Scientists at the Wellcome Trust Genome Campus are currently making the largest single contribution to the Human Genome Project and hope to have sequenced over a sixth of the human genome by the year 2002. This book describes the Campus, at Hinxton in Cambridgeshire, and the work being done there. It also includes a short biography of Sir Henry Wellcome whose legacy led to the foundation of the Trust and a chapter on the history of Hinxton which archaeological finds on the site of the Campus show was once a thriving Anglo-Saxon settlement.
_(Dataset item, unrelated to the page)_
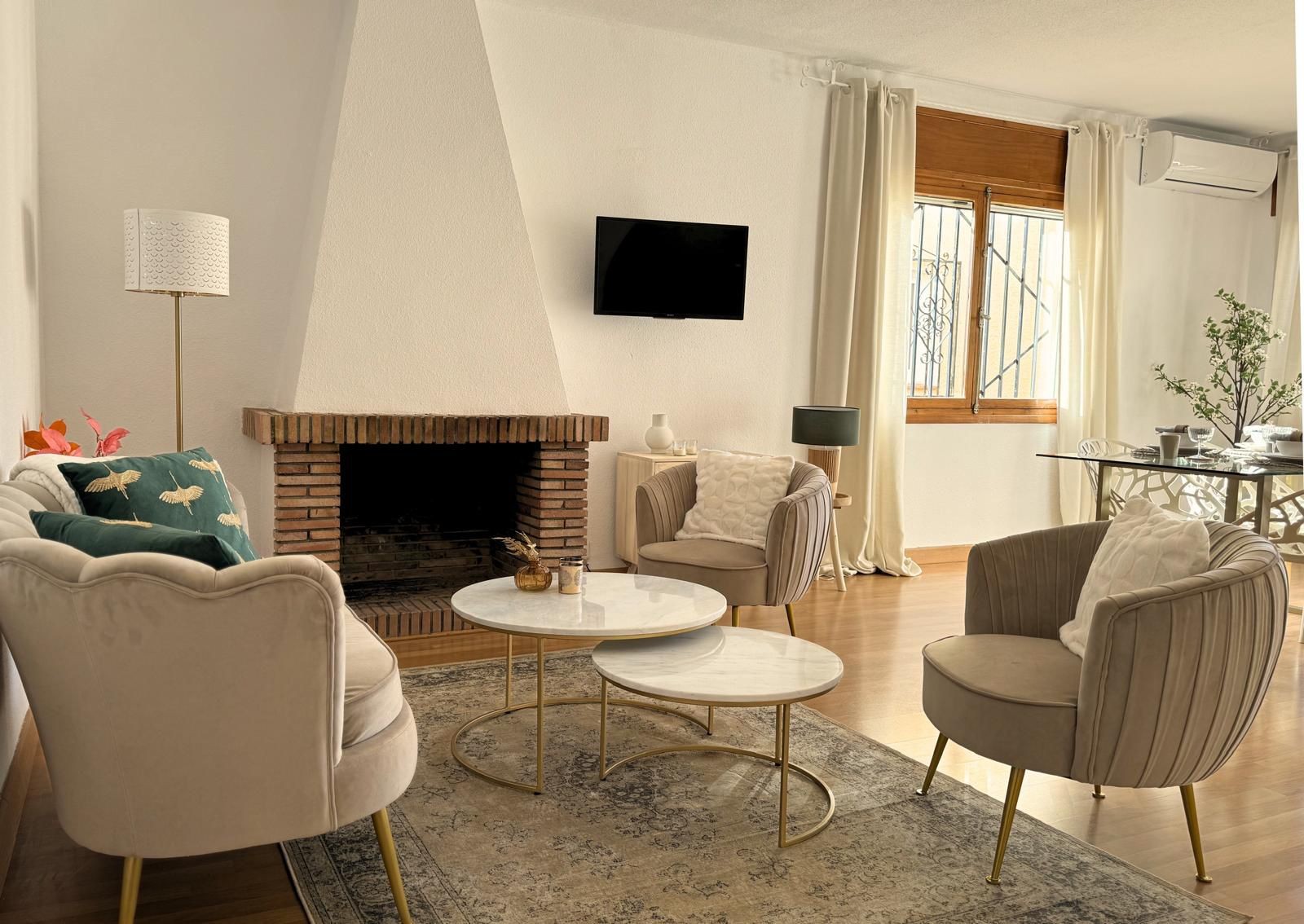 The apartment offers approximately 80 m² of living space and features a bright and spacious open-plan living and dining area with air conditioning and a cosy wood-burning fireplace. The kitchen is connected to the living area via a serving hatch, creating a sociable layout that is both practical and functional.

The final chapter "Modern genetics in perspective" is an account of mankind’s attempts to understand illness from classical times to the present day. Galton is mentioned, rather briefly considering his seminal contributions to human genetics. The suggestion, at the end, that the 21st century could be the age when the burden of genetic disorders is finally lifted from mankind seems rather optimistic. Mutations will continue to occur and the possible build-up of deleterious genes in the population as a result of treatments for genetic disorders could well be a danger in itself.
The illustrations are many and superb, and alone worth the price. Included in them is an embroidery produced by the Eugenics Society to explain Mendel’s Law. I would have liked an index but this is a small criticism and the Wellcome Trust is to be congratulated on publishing such an inexpensive, but far from cheaply produced, book which is well worth reading.